Вдоль всего Амурского залива почти до мыса Гамова, верстах в пяти от берега, тянется высокий хребет, прерываемый в нескольких местах ручьями и речками. За ним также виднеются горы. По словам китайцев, они покрыты густым, едва проходимым лесом: северные скаты - черным, хвойным, южные -лиственным, преимущественно дубом. В нескольких местах от хребта идут более или менее высокие отроги гор, оканчивающиеся иногда у самого берега обрывами. Южнее Песчаного мыса нам встретился первый, очень высокий отрог, который отделяется от низменности мыса узкою, длинною бухточкой.

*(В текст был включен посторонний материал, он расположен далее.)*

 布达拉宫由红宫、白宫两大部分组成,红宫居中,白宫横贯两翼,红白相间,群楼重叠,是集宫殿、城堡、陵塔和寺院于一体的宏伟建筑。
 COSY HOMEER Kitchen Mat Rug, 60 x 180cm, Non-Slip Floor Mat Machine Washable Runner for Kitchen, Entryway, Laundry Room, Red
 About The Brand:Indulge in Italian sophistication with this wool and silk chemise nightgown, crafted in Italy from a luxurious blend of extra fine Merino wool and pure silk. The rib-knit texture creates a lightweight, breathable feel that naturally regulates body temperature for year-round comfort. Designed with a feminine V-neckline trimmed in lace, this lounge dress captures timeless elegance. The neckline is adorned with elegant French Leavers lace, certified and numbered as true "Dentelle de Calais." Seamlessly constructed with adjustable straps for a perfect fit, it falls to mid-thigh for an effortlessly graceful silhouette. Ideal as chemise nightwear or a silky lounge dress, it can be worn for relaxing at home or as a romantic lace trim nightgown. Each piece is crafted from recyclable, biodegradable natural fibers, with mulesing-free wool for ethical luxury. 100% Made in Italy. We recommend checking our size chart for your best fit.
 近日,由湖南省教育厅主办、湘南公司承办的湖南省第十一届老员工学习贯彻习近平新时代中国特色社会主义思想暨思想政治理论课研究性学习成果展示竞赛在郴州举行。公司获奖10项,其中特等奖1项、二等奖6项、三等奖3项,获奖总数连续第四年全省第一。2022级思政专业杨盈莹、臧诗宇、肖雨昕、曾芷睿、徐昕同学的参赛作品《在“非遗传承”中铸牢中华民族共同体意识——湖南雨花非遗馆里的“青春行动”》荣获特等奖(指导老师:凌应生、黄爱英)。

Пройдя верст 20 вдоль берега, мы подошли к речке Монгу. Она не была покрыта льдом и на устье сильно играла, а потому поворотили влево на залив и, найдя на полверсте от устья крепкий лед, обошли речку. Впрочем, и Ч. и я в первый раз шли этой дорогой зимой. Верстах в пяти от устья р.Монгу, встретили второй отрог, оканчивающийся обрывистым, широким мысом, около которого ходил бурун. У самой подошвы отрога нашли устье какой-то речки, крепко замерзшее. Едва перешли через него, увидели дорогу, поворотившую со льда на берег. Через несколько шагов, заметили несколько фанз, одну возле другой. В одной из них решились обедать. Оказалось, впрочем, что это была одна фанза, и от нее шли два забора, покрытые крышей. Под одной из них стояло два жернова, в которые впрягаются быки; на противоположной стороне под крышей стояло несколько здоровых быков.

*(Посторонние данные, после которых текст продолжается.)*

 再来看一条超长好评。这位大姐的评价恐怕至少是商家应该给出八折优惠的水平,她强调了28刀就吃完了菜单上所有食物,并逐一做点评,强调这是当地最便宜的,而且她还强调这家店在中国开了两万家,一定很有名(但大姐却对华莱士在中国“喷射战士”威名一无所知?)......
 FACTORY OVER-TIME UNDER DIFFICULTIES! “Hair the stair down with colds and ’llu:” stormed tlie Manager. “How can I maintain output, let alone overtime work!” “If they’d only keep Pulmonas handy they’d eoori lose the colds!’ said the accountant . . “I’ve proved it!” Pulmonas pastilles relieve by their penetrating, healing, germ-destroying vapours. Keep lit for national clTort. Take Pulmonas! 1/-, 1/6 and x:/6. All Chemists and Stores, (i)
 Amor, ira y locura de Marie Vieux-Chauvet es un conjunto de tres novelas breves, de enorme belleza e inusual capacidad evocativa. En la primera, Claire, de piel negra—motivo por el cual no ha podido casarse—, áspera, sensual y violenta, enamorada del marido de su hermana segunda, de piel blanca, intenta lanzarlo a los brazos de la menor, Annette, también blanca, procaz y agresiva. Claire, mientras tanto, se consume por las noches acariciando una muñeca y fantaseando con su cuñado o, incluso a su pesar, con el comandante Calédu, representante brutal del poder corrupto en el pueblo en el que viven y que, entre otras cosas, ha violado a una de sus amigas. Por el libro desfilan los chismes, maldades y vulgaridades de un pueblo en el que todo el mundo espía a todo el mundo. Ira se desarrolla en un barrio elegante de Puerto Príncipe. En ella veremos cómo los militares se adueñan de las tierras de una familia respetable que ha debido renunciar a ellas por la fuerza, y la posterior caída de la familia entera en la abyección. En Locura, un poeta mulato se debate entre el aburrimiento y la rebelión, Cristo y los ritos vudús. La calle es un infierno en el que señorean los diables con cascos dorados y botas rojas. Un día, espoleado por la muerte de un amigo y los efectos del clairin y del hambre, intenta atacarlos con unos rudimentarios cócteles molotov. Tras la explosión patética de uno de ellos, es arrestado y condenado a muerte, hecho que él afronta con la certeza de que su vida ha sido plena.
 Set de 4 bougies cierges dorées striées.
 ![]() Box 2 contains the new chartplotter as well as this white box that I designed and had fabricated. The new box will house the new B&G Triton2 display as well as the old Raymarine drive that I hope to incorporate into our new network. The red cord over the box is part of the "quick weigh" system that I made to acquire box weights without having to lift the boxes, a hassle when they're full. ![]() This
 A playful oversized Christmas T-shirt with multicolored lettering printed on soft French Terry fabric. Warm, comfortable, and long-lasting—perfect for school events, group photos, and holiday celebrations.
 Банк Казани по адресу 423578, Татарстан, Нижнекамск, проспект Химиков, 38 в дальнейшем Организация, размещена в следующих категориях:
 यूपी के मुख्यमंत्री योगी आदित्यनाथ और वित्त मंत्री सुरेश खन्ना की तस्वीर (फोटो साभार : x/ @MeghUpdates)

Самая фанза, занимавшая середину между заборами, разделена была на две половины. В одной жило четверо китайцев; в другой стояли запасы: ячменя, мелкого проса, гоуляна (род красного крупного проса,
с.45
очень выгодного для корма скота),
капусты и разной старой посуды из-под водки. Кстати заметить что китайцы водку и вообще все жидкости держат в плетеных корзинах, выложенных внутри каким-то составом, не размокающим даже в горячей воде, весьма похожим на бумажный картон. При всем желании добиться, из чего делается эта смазка - я никак не мог узнать; от всех спрошенных слышал один ответ: это делается в Гирине и Сансине - города в Маньчжурии.
Часу в первом после обеда, мы тронулись далее. Когда перевалили через отрог, открылось ровное место, и вдали виднелись горы славянского залива. От этого отрога до залива вся местность низменная, болотистая, усеянная кочками; снегу не было; трава вся выжжена, так что идти по колючкам было тяжело. Спустившись с отрога, у подошвы встретили одинокую фанзу, из которой валил густой дым. Около нее стояло две китайских шлюпки, наполненные водой; на льду, против фанзы, саженях в двадцати от берега, стояли две других шлюпки, - между ними была сделана прорубь во льду. В этой фанзе жил солевар.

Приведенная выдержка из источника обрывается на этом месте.